Musical Monday: Private Buckaroo (1942)

It’s no secret that the Hollywood Comet loves musicals.
In 2010, I revealed I had seen 400 movie musicals over the course of eight years. Now that number is over 600. To celebrate and share this musical love, here is my weekly feature about musicals.

This week’s musical:
Private Buckaroo (1942) – Musical #627

Universal Studios

Edward F. Cline

Themselves: The Andrews Sisters (Patty Andrews, Maxene Andrews, Laverne Andrews), Harry James and his Music Makers, Helen Forrest, The Jivin’ Jacks and Jills
Stars: Dick Foran, Joe E. Lewis, Ernest Truex, Jennifer Holt, Shemp Howard, Richard Davies, Mary Wickes, Donald O’Connor, Peggy Ryan, Huntz Hall, Susan Levine, Sidney Miller (uncredited), Addison Richards (uncredited), Tommy Rall (uncredited), Gene O’Donnell (uncredited)

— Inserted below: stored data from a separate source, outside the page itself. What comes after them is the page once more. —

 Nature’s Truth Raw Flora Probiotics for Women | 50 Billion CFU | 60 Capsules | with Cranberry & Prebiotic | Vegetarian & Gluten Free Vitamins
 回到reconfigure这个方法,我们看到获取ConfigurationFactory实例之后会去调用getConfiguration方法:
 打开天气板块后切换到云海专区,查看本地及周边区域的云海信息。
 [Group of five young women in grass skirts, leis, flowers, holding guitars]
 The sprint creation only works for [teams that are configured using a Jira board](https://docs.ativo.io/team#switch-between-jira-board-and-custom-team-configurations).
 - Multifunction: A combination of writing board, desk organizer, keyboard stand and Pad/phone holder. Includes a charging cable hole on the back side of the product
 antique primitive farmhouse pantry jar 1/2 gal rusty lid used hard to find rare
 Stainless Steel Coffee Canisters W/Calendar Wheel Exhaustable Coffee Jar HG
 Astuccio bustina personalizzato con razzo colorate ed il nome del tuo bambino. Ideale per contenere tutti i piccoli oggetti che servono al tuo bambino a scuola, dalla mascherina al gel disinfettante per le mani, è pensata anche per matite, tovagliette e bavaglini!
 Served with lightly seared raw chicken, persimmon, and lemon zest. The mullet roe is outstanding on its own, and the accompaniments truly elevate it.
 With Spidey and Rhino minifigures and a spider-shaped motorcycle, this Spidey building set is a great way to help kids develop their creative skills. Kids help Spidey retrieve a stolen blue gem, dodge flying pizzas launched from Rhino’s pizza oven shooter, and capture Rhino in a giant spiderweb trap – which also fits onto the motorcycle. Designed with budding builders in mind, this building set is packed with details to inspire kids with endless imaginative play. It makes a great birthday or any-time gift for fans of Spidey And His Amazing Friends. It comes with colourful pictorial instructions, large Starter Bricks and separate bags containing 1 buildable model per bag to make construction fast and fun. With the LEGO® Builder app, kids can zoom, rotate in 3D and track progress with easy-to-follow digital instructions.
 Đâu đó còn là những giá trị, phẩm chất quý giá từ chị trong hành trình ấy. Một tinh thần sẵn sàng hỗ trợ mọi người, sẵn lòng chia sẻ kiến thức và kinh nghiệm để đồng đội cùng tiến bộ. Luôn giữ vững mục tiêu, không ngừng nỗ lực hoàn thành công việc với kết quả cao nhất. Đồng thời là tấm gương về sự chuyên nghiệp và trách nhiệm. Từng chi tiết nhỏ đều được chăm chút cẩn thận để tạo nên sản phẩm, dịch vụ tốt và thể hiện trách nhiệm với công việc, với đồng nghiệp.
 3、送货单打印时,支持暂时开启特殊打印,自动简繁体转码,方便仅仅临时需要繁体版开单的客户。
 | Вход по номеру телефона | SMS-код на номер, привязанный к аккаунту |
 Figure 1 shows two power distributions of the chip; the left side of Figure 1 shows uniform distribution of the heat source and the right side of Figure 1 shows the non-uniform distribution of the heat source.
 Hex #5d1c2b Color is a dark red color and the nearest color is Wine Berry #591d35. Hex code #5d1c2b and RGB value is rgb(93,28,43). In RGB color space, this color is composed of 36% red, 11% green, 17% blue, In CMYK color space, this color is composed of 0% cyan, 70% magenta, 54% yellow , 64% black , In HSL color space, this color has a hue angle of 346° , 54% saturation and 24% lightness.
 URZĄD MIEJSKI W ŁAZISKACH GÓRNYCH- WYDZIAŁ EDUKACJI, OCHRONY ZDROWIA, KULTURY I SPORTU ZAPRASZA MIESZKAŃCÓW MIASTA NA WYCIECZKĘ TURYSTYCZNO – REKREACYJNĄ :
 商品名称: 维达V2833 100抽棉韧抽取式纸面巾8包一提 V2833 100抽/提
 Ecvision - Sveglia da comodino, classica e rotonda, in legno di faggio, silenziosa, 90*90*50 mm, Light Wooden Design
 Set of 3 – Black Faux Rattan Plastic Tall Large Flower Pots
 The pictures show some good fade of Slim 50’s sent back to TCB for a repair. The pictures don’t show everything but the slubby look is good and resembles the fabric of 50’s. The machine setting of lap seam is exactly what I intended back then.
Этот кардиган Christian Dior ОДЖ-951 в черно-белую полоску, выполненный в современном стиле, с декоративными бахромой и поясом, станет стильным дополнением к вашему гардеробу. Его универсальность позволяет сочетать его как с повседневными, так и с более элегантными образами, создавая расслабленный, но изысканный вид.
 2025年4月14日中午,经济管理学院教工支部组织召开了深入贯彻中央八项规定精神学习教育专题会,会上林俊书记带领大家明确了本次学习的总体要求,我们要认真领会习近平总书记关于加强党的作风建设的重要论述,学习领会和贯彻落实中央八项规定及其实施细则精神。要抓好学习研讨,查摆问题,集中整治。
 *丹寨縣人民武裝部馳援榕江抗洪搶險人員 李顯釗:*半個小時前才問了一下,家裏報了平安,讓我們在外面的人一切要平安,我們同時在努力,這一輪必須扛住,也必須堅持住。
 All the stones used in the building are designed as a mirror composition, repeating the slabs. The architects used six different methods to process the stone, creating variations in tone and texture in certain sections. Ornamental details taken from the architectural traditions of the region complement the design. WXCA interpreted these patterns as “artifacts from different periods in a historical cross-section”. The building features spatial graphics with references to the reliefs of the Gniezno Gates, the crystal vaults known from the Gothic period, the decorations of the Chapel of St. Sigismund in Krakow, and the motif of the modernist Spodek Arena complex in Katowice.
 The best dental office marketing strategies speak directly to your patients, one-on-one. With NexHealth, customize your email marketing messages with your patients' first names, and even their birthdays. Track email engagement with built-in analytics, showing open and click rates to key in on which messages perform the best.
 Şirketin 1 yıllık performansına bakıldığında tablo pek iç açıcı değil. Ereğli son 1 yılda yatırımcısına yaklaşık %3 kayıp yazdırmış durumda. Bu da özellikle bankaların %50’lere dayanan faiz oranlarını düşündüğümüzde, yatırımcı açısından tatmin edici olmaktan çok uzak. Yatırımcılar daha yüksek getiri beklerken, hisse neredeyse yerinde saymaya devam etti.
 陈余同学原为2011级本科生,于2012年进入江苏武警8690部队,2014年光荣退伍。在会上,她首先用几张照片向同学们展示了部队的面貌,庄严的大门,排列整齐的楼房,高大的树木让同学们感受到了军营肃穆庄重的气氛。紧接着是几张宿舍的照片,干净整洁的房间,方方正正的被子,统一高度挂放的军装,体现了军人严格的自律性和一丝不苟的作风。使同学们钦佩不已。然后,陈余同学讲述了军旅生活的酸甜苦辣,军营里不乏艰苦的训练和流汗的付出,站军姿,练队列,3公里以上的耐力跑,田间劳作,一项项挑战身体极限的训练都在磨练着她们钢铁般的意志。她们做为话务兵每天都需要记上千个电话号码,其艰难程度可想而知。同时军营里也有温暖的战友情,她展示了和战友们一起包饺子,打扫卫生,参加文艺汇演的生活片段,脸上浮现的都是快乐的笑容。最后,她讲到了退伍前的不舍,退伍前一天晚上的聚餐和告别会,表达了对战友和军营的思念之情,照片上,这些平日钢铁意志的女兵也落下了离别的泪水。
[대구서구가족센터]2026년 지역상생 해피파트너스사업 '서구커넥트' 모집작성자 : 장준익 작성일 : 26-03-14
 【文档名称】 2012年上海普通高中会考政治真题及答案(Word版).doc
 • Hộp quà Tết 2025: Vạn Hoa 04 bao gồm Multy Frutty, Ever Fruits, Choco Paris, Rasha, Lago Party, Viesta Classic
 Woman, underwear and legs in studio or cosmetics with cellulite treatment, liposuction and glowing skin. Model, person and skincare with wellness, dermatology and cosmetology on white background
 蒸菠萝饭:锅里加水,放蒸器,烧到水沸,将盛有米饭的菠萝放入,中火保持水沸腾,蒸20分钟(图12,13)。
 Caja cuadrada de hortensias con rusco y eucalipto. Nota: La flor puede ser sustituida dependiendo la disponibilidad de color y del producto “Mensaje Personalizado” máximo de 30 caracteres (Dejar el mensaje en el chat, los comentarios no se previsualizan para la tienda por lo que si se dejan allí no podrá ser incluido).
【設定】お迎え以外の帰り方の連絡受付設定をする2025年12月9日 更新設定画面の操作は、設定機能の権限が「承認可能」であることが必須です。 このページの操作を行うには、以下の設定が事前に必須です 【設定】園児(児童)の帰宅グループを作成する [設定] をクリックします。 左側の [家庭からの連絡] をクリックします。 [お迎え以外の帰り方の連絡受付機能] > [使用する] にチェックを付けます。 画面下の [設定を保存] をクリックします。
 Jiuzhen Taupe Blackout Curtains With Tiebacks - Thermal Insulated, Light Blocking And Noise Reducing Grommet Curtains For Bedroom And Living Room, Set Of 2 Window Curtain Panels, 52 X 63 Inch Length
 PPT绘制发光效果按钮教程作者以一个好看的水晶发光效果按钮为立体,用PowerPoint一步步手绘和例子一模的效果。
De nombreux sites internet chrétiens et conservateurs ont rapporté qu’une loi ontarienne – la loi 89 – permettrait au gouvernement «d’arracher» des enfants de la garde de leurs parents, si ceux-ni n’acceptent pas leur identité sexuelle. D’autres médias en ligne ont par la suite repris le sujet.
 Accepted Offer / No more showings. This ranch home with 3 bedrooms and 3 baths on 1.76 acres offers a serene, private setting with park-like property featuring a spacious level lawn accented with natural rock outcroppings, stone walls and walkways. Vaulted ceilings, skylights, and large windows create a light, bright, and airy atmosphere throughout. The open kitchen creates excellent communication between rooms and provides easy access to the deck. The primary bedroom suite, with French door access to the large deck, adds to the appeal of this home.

Famed trumpet player Harry James (himself) is drafted at the start of World War II. His fellow nightclub performer, Lon Prentice (Foran), wants to enlist in the Army but keeps getting declined as 4F for flat feet. Lon finally is accepted into the Army, but at basic training, Lon doesn’t feel he needs to participate in military training.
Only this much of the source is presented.